### GIVEN MATERIAL

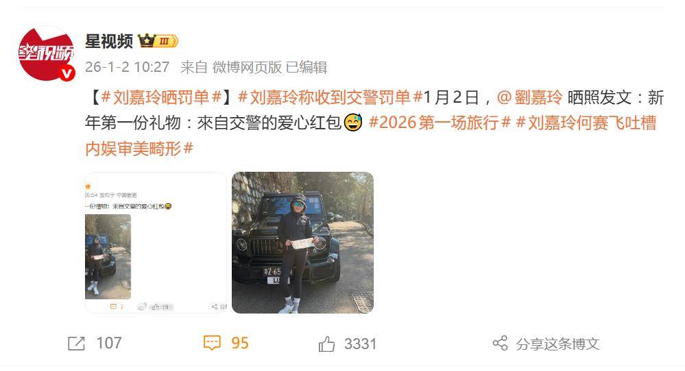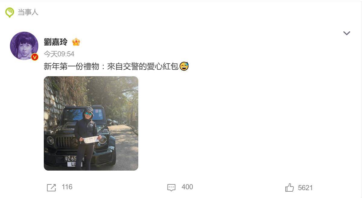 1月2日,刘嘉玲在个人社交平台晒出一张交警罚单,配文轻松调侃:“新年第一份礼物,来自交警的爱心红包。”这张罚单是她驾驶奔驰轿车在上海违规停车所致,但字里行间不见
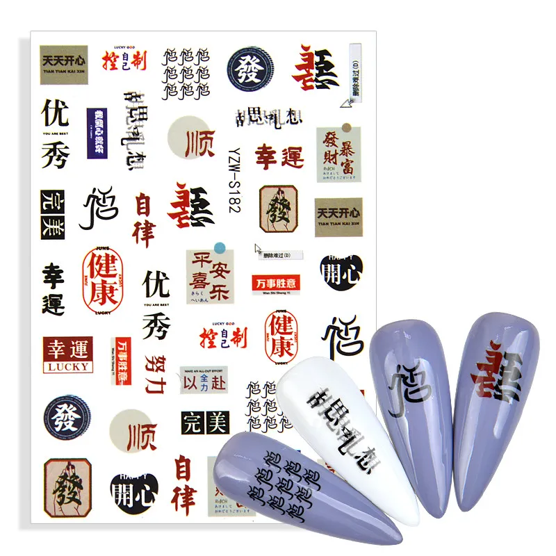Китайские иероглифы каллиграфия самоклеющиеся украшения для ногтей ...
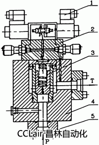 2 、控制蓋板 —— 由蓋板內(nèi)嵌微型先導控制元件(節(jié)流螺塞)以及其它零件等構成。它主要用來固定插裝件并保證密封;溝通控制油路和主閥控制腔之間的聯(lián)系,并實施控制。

### BRIEF
Return the listing verbatim; pictures are not part of the copy.

### ANSWER SECTION
 1月2日,刘嘉玲在个人社交平台晒出一张交警罚单,配文轻松调侃:“新年第一份礼物,来自交警的爱心红包。”这张罚单是她驾驶奔驰轿车在上海违规停车所致,但字里行间不见
Китайские иероглифы каллиграфия самоклеющиеся украшения для ногтей ...
 2 、控制蓋板 —— 由蓋板內(nèi)嵌微型先導控制元件(節(jié)流螺塞)以及其它零件等構成。它主要用來固定插裝件并保證密封;溝通控制油路和主閥控制腔之間的聯(lián)系,并實施控制。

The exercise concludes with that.